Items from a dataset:
* * *

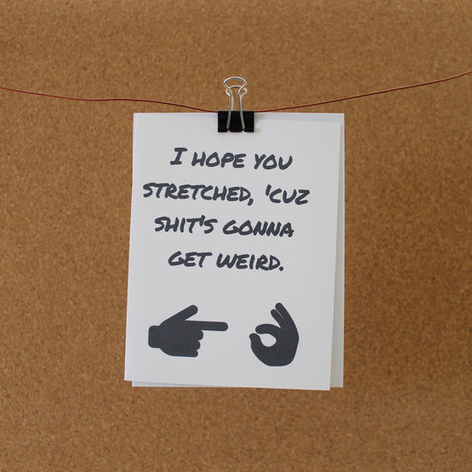 Funny Romantic Card: "I hope you stretched, 'cuz shit's gonna get weird."
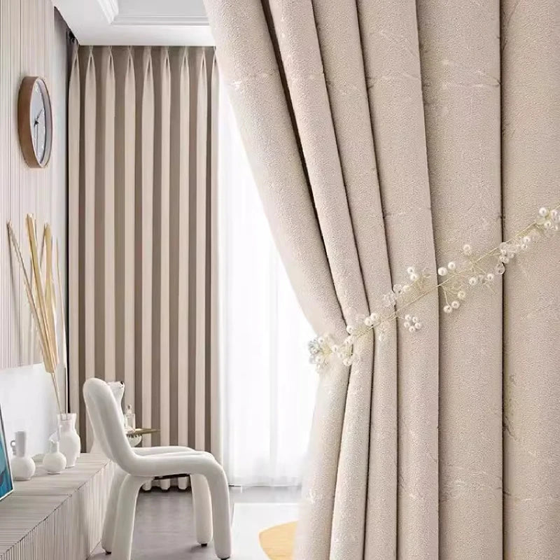 Customized Lightning Jacquard Thickened Chenille Blackout Curtains for Living Room Bedroom French Window
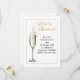 Convites de Vidro Elegante Personalizáveis **Descrição:** Adicione um toque de elegância do eterno ao seu próximo evento com a Celebração em Estilo: Convites de Vidro de Champanhe Personalizáveis Modernos Elegantes. Este belo convite apresenta uma design minimalista com uma silhueta de vidro de champanhe solteiro, perfeita para qualquer ocasião, desde encontros de férias e reuniões a eventos e banquetes corporativos. **Aqui está o que torna este convite especial:** ***Personalizável:** Todo o texto, fontes e cores podem ser facilmente alterados para corresponder ao tema e marca do evento específico. ***Versátil:** Adequado para uma variedade de eventos, incluindo casamentos, noivados, aniversários, graduações, feriados e muito mais. * ** Moderno e na moda:** O design minimalista com um copo de champanhe de solteiro é sofisticado e atraente para os olhos. * ** Impressão de alta qualidade:** Impresso em papel de alta qualidade com cores vibrantes e detalhes nítidos. * ** Ambiental:** Feito com materiais de reciclado. ** Então, quantos podemos fazer por você? ** Peça hoje! Celebre no Estilo: Elegante Convite Moderno para Vidro de Champanhe hoje e torne seu próximo evento realmente inesquecível!
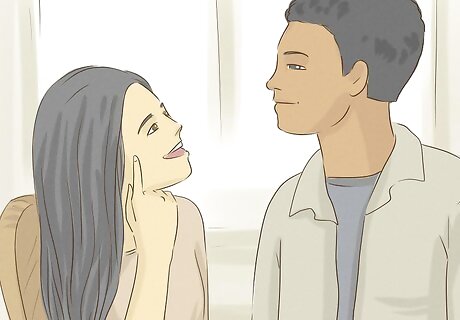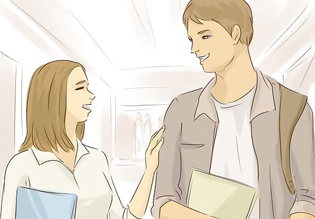 Brush against him or casually touch his arm to break the touch barrier. Touching a guy is also a great way to flirt without saying anything. It guarantees that he’ll notice you and may make him start thinking about touching you. If you’re nervous, simply brush against him while you’re passing him. If you’re more bold, lightly touch his arm while you’re talking to him. When you brush against him, say something like, “Oh, I’m sorry,” or “These halls are too narrow.” You might touch his arm and ask him a question like, “Do you know when our essay is due?” or “Can you tell me where the nearest coffee shop is?”
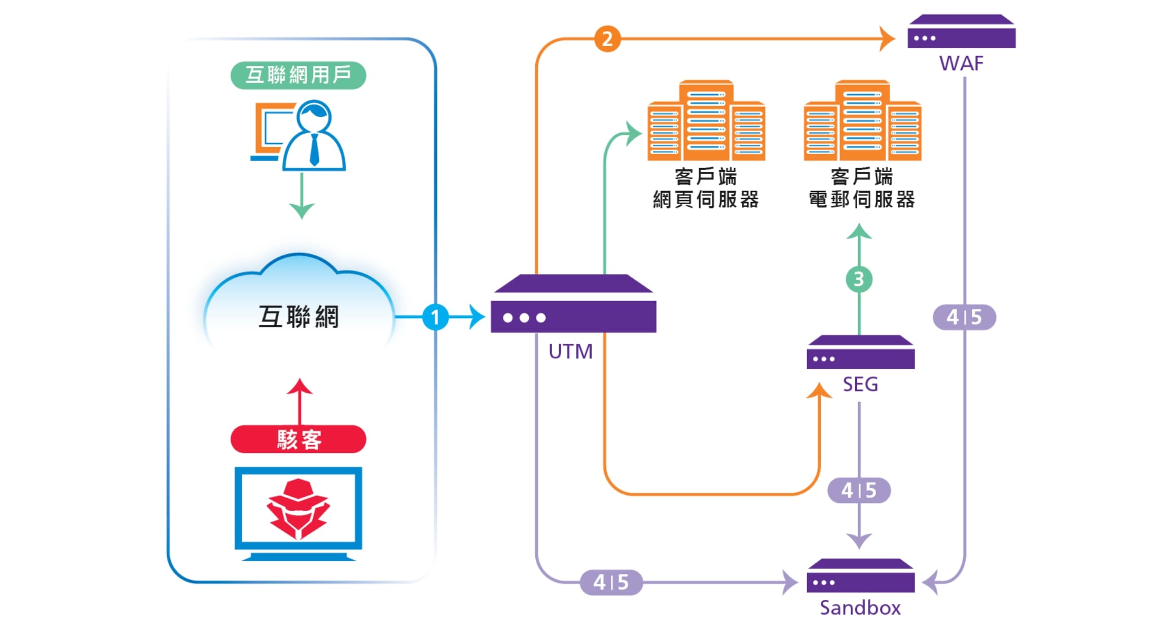 無間斷運作的分層安全保護系統,包括統一威脅管理 (UTM)、網路應用防火牆 (WAF)、電子郵件安全設備 (SEG)、沙盒及全天候的託管式安全服務 (MSS)
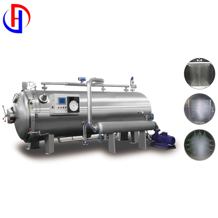 侧喷喷淋式灭菌锅杀菌方式 就现状而言,这种结构形式的杀菌釜是专门为充气包装的产品所开发出来的,其加热方式是从侧面喷淋出循环水对被杀菌产品进行加热或冷却。由于所有循环水几乎都是同时喷淋出来的,所以各处产品所获得的温度也相同,基本上可以不考虑温度分布不均匀的问题。在侧喷淋杀菌釜的工作过程当中,罐内的循环水和产品所占据的容积还不足50%,大部分空间是气体,所以杀菌罐内的压力调整就很容易,换言之杀菌罐内的压力可以按设置要求精确控制,这对充气的铝箔袋来讲是十分有利的。
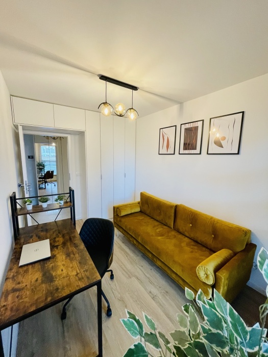 – drugiej sypialni/gabinetu (wygodna rozkładana sofa, duża szafa, regał, biurko),

* * *

No pictures belong in the copy. Retype exactly, and only, the lines from the line containing "侧喷喷淋式灭菌锅杀菌方式 就" through the last line of the data, both included.

» Response:
 侧喷喷淋式灭菌锅杀菌方式 就现状而言,这种结构形式的杀菌釜是专门为充气包装的产品所开发出来的,其加热方式是从侧面喷淋出循环水对被杀菌产品进行加热或冷却。由于所有循环水几乎都是同时喷淋出来的,所以各处产品所获得的温度也相同,基本上可以不考虑温度分布不均匀的问题。在侧喷淋杀菌釜的工作过程当中,罐内的循环水和产品所占据的容积还不足50%,大部分空间是气体,所以杀菌罐内的压力调整就很容易,换言之杀菌罐内的压力可以按设置要求精确控制,这对充气的铝箔袋来讲是十分有利的。
 – drugiej sypialni/gabinetu (wygodna rozkładana sofa, duża szafa, regał, biurko),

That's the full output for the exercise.